Yep, there’s a fourth goddamned Sharknado movie
Here’s what’s up in the world of TV for Sunday, July 31. All times are Eastern.
Top picks
Sharknado: The 4th Awakens (Syfy, 8 p.m.): We have no one to blame for this but ourselves. When the first Sharknado appeared on our screens, it was an absolute delight, full of intentional and unintentional badness that came together to create something beautiful. And then when Sharknado 2: The Second One appeared, it still had that nutso energy, even though it showed an unhealthy fondness for celebrity cameos and a strange belief that Tara Reid was leading lady material. Then came Sharknado 3: Oh Hell No!, which proceeded to double down on both of those things, bury itself under product placement, throw the fate of one of its “stars” to the internet wolves, and—most offensively—find a part for Ann Coulter that didn’t end in her vivid dismemberment.

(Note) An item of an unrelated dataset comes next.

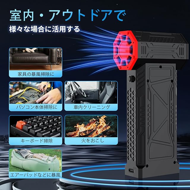 エアダスター 電動エアダスター 超強力 小型 ブロワー 200,000RPM高速回転 最大風速 100m/s 5段階風量調整 20,000mAh大容量バッテリー LCDディスプレイ搭 Type-C充電式 過熱保護 PC掃除/キーボード/家具/車内/エアコン/洗車用 収納ボックス付き 日本語取扱説明書付き (4.ブラック)

At this point there seemed nowhere else for shark-filled tornadoes to go, and the hope was that the series would disappear up its own increasingly self-referential ass.
No such luck, as we all kept tuning in and playing along on Twitter. Now it’s not just a trilogy; it’s a franchise, and one that feels comfortable cribbing from one of science fiction’s most storied franchises that only recently returned to grace. The pen of Thunder “It’s My Real Name” Levin now gives us Sharknado: The 4th Awakens, and with it Ian Ziering, Tara Reid, and a legion of stunt-casted pre-chum waging their latest battle against the bastard love child of ichthyology and meteorology. Caroline Framke finally gave up on the series after the third installment—her exact words were “blatantly manipulative… calculated and joyless”—so Les Chappell is strapping on the robotic chainsaw hand to see if the series can achieve its previous ludicrous speed or find even lower points to reach.
Preacher (AMC, 9 p.m.): A show that goes as insane as Preacher has in its first season is a show worth celebrating. This first season has been a treat in a slow summer with the level of crazy elements that it’s introduced—vampires with a fondness for drugs, chainsaw- and coffee-can-toting angels, shotgun-carrying Jackie Earle Haley wiping out alternative-energy executives, Eugene heading to hell with one word—and the possibilities of what could happen in tonight’s finale have us positively giddy. Zack Handlen is more restrained, saying “There’s no guarantee that the payoff next week will be everything we’re looking for, but there’s enough reason to trust that it could be.” C’mon, Zack, be optimistic!
The Jim Gaffigan Show (TV Land, 10 p.m.): In tonight’s episode, “He Said She Said,” Jim and Jeannie get into a big fight and have to determine what they are truly in conflict about. Given that this episode title shares the name of a 1991 romantic comedy starring Kevin Bacon and Elizabeth Perkins, perhaps it turns out that, like in that movie, the differences are based on politics and a talk show is the answer.